Step $3$: $H\cap K = \{e\}$ and $H$ is normalized by $K$ (i.e. for all $k\in K$ $kHk^{-1} = H$)
This is the tedious part. If you have a permutation you can do the computation and you can easy prove the two statements: in our case it's obvious that the intersection is only the identity and up to few computation you discover that $K$ normalize $H$.

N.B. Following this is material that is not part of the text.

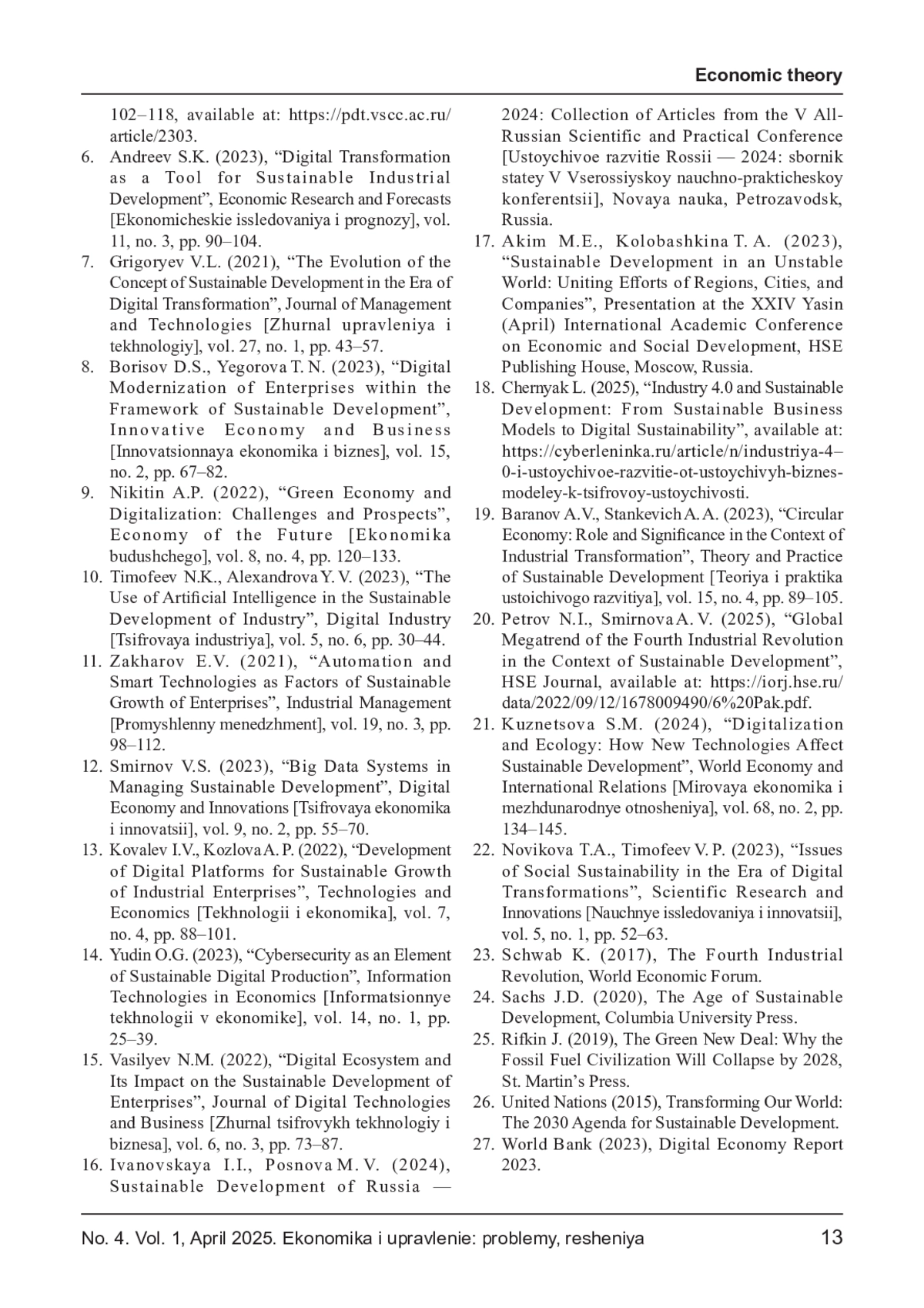 6. Андреев С. К. Цифровая трансформация как инструмент устойчивого развития промышленности // Экономические исследования и прогнозы. - 2023. - Т. 11, № 3. - С. 90-104.

I give you just an idea for the general case. Consider $\sigma = (n)^{N_n}$ (after some simplification you have to study only this case: you consider the problem restricted on the numbers inside the cycles of length $n$). Denote the cycles of $\sigma$ as $a_1,...,a_{N_n}$ and consider the action of $C_g$ over the set of this cycles. You can show that $H$ is the kernel of this action and that every element of $K \backslash \{e\}$ is not mapped to zero. Then you obtain the two statements of this Step.

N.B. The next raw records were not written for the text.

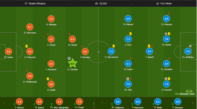 Лучшим по версии обоих порталов стал аргентинский нападающий хозяев поля Пауло Дибала. на его счету один гол и оценку 9.0 и 8.4 соответственно.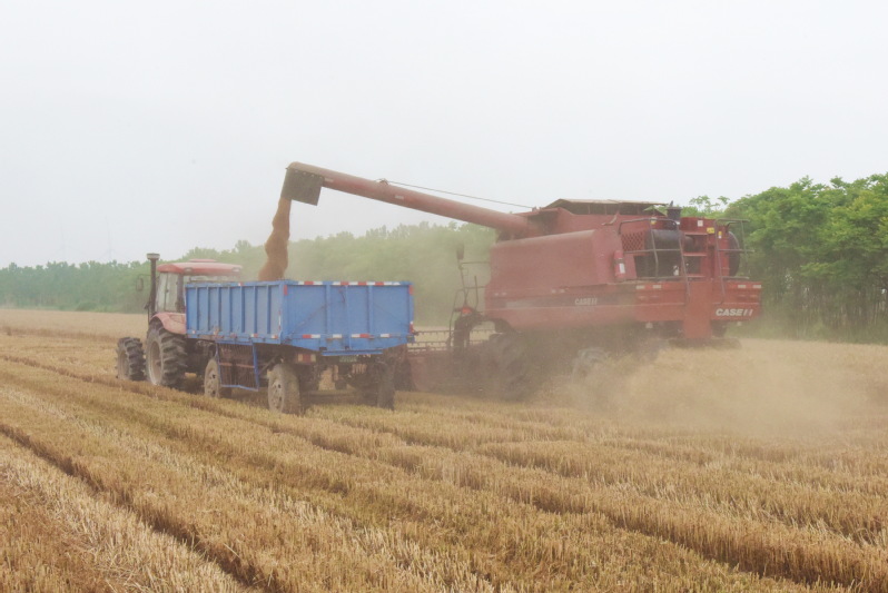 在6月5日下午淮海农场有限公司组织部分老干部来到农业单位的秋收现场,实地参观和体验现代农业大机械生产情况。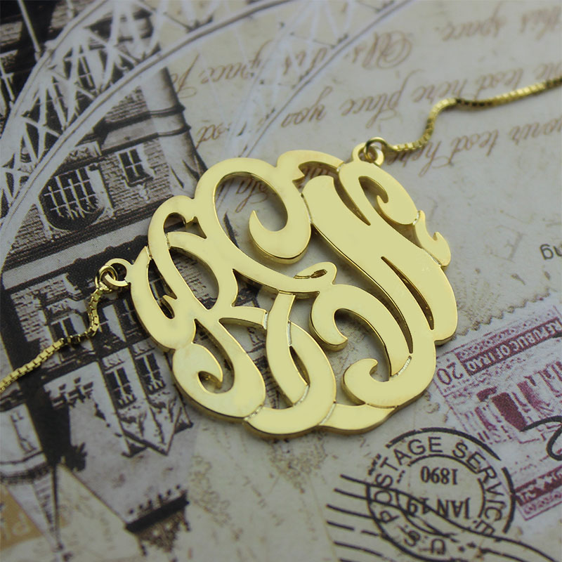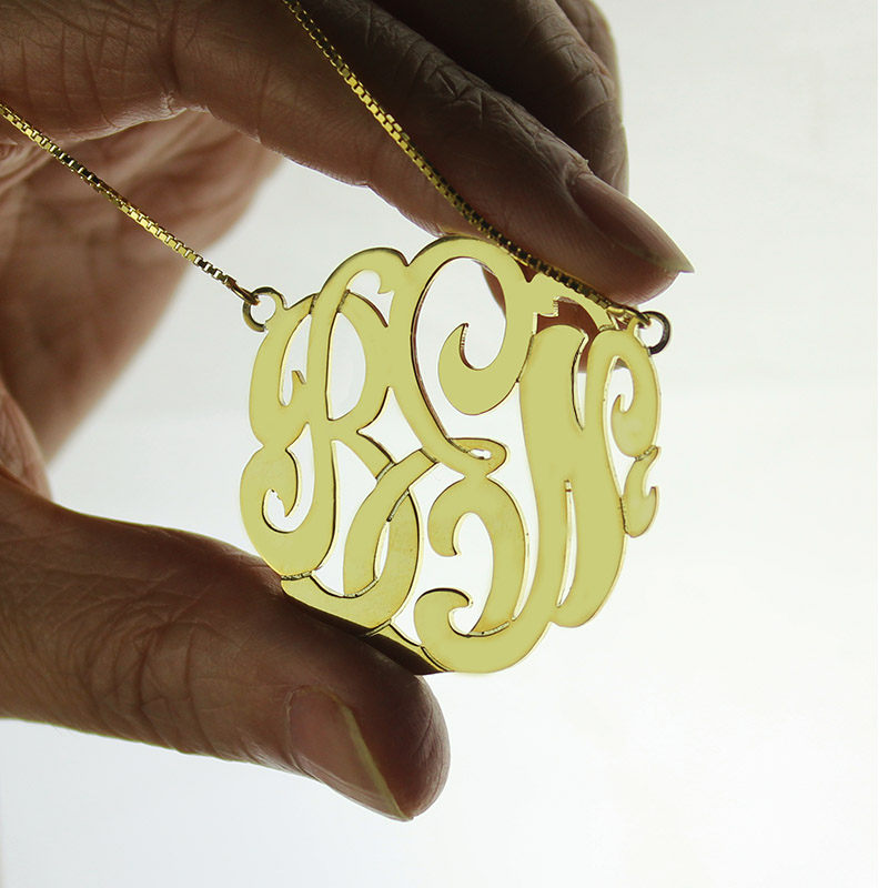 1. A monogram necklace is typically structured with the last name as the large initial in the center, first name initial on the left, and middle name initial on the right.

Step $4$: Conclude that $C_g \cong H\rtimes K$
Since $H\cap K = \{e\}$, $|H|\cdot|K| = |C_g|$ and $H$ is normalized by $K$ you obtain that $C_g \cong H\rtimes K$. After the same semplification mentioned in Step 3 you obtain the formula $(1)$.
In our case we have $C_g \cong H\rtimes K = \mathbb{Z_2}^2\rtimes S_2$ and if you try to list all the elements you obtain exactly $C$ you wrote in your question.